**About this exercise**
Retype the listing below line for line, but only from the line with "针对钉钉、、、、企微、、、、" down to the line with "本文是一款PC端的微信电脑版", inclusive. Pictures stay out.

**Given data**
......
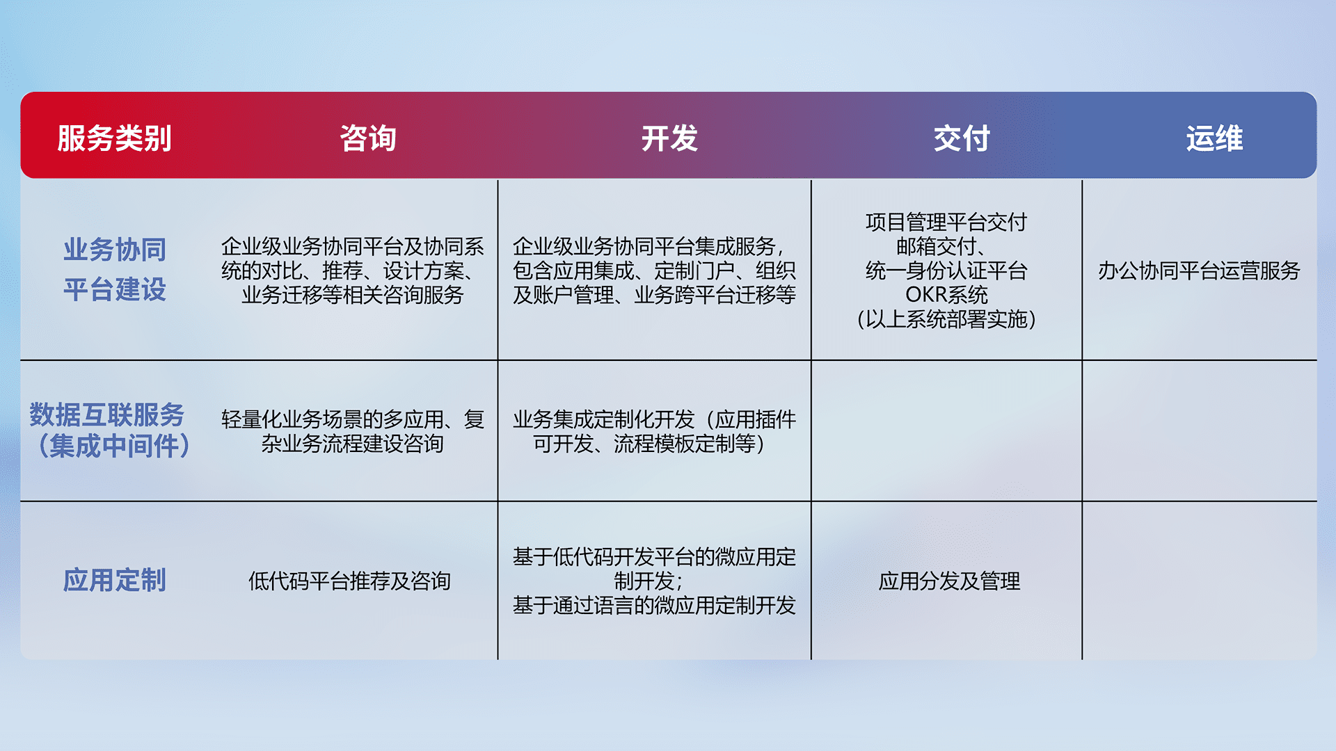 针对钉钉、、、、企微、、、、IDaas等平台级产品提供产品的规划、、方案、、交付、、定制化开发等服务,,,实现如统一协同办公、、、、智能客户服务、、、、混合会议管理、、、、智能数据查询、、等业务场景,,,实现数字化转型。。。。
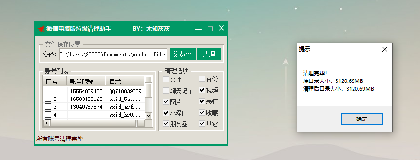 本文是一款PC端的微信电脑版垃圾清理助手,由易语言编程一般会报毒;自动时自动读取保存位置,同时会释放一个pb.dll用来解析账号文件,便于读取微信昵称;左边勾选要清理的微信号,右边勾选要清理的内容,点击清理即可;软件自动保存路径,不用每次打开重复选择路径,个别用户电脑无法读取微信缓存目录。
......
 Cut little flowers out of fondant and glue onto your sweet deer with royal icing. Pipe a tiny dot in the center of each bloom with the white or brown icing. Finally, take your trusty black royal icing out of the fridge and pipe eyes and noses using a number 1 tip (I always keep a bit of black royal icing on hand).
......
**Response to this exercise**
 针对钉钉、、、、企微、、、、IDaas等平台级产品提供产品的规划、、方案、、交付、、定制化开发等服务,,,实现如统一协同办公、、、、智能客户服务、、、、混合会议管理、、、、智能数据查询、、等业务场景,,,实现数字化转型。。。。
 本文是一款PC端的微信电脑版垃圾清理助手,由易语言编程一般会报毒;自动时自动读取保存位置,同时会释放一个pb.dll用来解析账号文件,便于读取微信昵称;左边勾选要清理的微信号,右边勾选要清理的内容,点击清理即可;软件自动保存路径,不用每次打开重复选择路径,个别用户电脑无法读取微信缓存目录。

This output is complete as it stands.